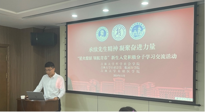 活动最后,张鑫鹏老师在主持发言中表示,高清海先生、白求恩先生都是我们的榜样和先进典型,作为入党积极分子,传承学习先生们伟大的精神、崇高的品格、卓越的思想,是一项必修课、更是一项基本功。希望同学们能够认真消化学习本次交流学习的内容,以先生为榜样,努力做到想到前头、走在前列,结合实际、干到实处,努力向一名共产党员的标准不断靠近。
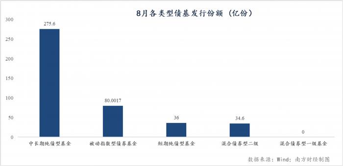 而从具体发行品种来看,发行份额排名第一的为中长期纯债基金共募集275.6亿份,指数型债基募集80亿份,远超7月份的13亿份,另外短债和二级债基8月以来也均发行超30亿份。
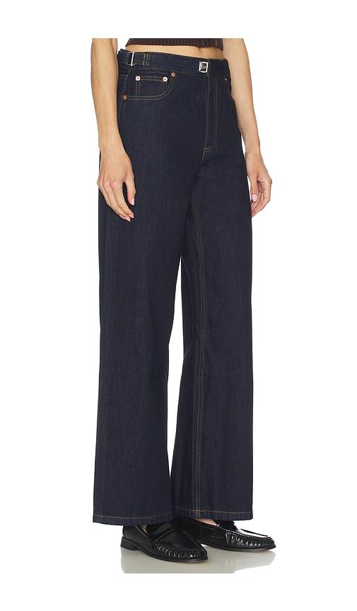STILL HERE BUCKLE WIDE LEG JEANS IN BLUE.
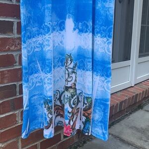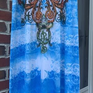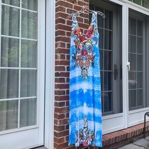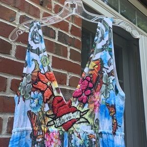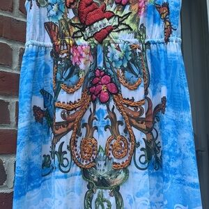 Gorgeous dress with lots of bright colors and embellishments with rhinestones - see close up pics. V-Neck Cut. Super lightweight and airy dress. Great for summer and vacations. Size medium. Length Measurement shown in pictures.
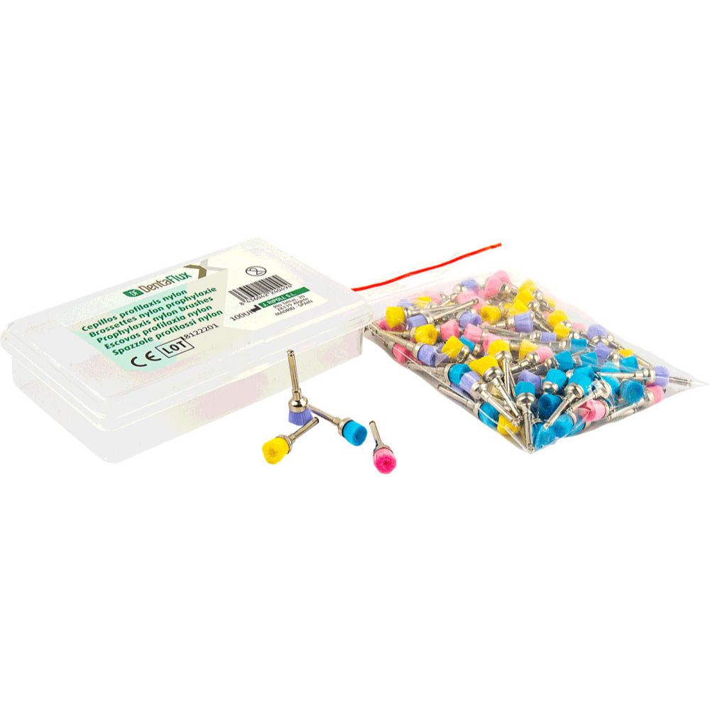 Cepillos de profilaxis fabricados en nylon. Diseñados específicamente para procedimientos de limpieza dental, estos cepillos ofrecen una durabilidad excepcional y un rendimiento eficaz en la remoción de placa y manchas superficiales. Aprovecha el diseño innovador para una mayor eficiencia en cada sesión clínica.

# DIRECTIONS
Above are some records. Output exactly the lines from the one that contains "而从具体发行品种来看,发行份" to the one that contains "Gorgeous dress with", keeping both, and omit the pictures.

# COMPLETED EXERCISE
 而从具体发行品种来看,发行份额排名第一的为中长期纯债基金共募集275.6亿份,指数型债基募集80亿份,远超7月份的13亿份,另外短债和二级债基8月以来也均发行超30亿份。
STILL HERE BUCKLE WIDE LEG JEANS IN BLUE.
 Gorgeous dress with lots of bright colors and embellishments with rhinestones - see close up pics. V-Neck Cut. Super lightweight and airy dress. Great for summer and vacations. Size medium. Length Measurement shown in pictures.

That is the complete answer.